I. L’origine des revenus primaires
Les agents économiques contribuent à la réalisation de la richesse (PIB) par l’apport de facteurs de production
(capital ou travail). En contrepartie, chacun reçoit des revenus dits « primaires », car liés à l’acte productif. Cette
répartition des revenus peut engendrer des tensions sociales.
A. De la valeur ajoutée au revenu primaire net des agents
La richesse créée (représentée par la valeur ajoutée dégagée par chaque entreprise résidente sur le territoire
national) est répartie entre les différents agents : les ménages, les sociétés et les administrations se partagent le
revenu national.
1. Le revenu primaire des ménages
Les ménages sont rémunérés pour leur apport de facteurs de production (capital, travail). Ils perçoivent des
revenus d’activité (salaires, revenus des entrepreneurs individuels) et des revenus de la propriété (loyers,
fermages, intérêts de placement, dividendes de participation au capital social…)
2. Le revenu primaire des administrations publiques
Les administrations publiques assurent le fonctionnement des services non marchands. Puisque ceux ci ne sont
pas l’objet d’une vente sur le marché, les administrations prélèvent des impôts sur la production (droits de
douane, taxe intérieure sur les produits pétroliers, TVA…), constitutifs de leur revenu primaire.

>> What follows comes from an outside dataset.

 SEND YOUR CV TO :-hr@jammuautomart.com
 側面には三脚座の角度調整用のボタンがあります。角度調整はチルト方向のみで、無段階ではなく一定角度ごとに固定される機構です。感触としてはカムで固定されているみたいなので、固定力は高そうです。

Ces prélèvements sur la production ne doivent pas être confondus avec ceux assis sur les revenus primaires des
ménages et des entreprises, perçus à des fins redistributives (Ex : impôts directs, cotisations sociales)
3. Le revenu primaire des entreprises
Les entreprises (au sens large, y compris les banques et les compagnies d’assurances) ont pour objectif la
réalisation d’un profit. leur revenu primaire brut s’obtient à partir de la valeur ajoutée, après paiement des
salaires, des impôts sur la production et des revenus de la propriété (intérêts et dividendes).

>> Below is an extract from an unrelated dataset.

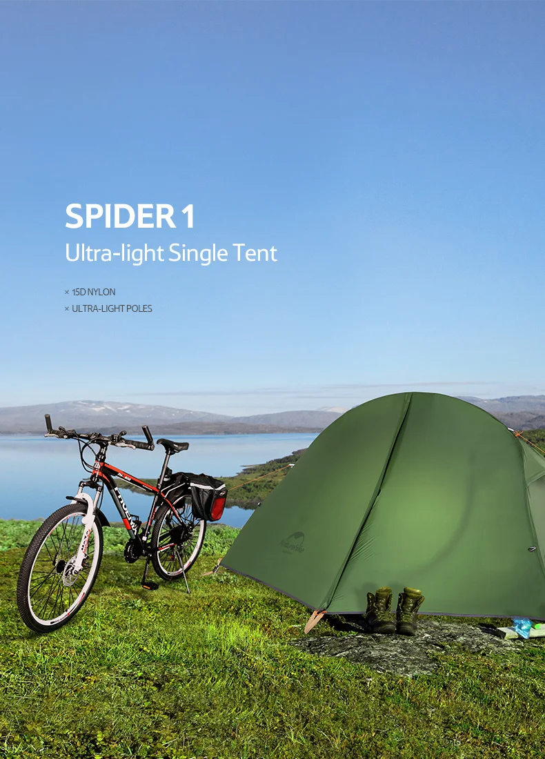 Палатка Naturehike 20D силиконовая Ультралегкая для велоспорта, портативная уличная, одноместная, для кемпинга, рюкзак, с бесплатным ковриком

B. Le fragile équilibre du partage de la valeur ajoutée
Le partage de la valeur ajoutée entre les agents économiques révèle une source de tensions inévitables au sein de
la société et oppose les économistes.
1. L’origine des tensions
Il existe une première rivalité entre les rémunérations respectives du facteur travail et du facteur capital : pour
une valeur ajoutée donnée, la croissance de la rémunération des salaires, par exemple, fait nécessairement baisser
la part de l’excédent brut d’exploitation (profit) revenant à l’entreprise. Ce sont alors les dividendes ou
l’autofinancement des investissements qui peuvent se trouver pénalisés. Il s’agit là d’une lutte interne à
l’entreprise qui peut conduire à des mouvements sociaux (revendications syndicales, mouvements de grève).
Il existe une seconde rivalité dans le partage même du profit : elle oppose les apporteurs de capitaux
(actionnaires), qui souhaitent généralement une politique de dividendes élevés, le système bancaire, qui reçoit des
intérêts sur les prêts consentis, et l’État qui prélève divers types d’impôts.
2. Répartition et efficacité économique
Les libéraux considèrent qu’une répartition de la valeur ajoutée trop favorable aux salariés est préjudiciable à la
croissance économique pour les motifs suivants :
- La baisse de la part des profits dans la valeur ajoutée réduit l’incitation à investir des entrepreneurs et, par là,
la capacité du système productif à créer des richesses et des emplois.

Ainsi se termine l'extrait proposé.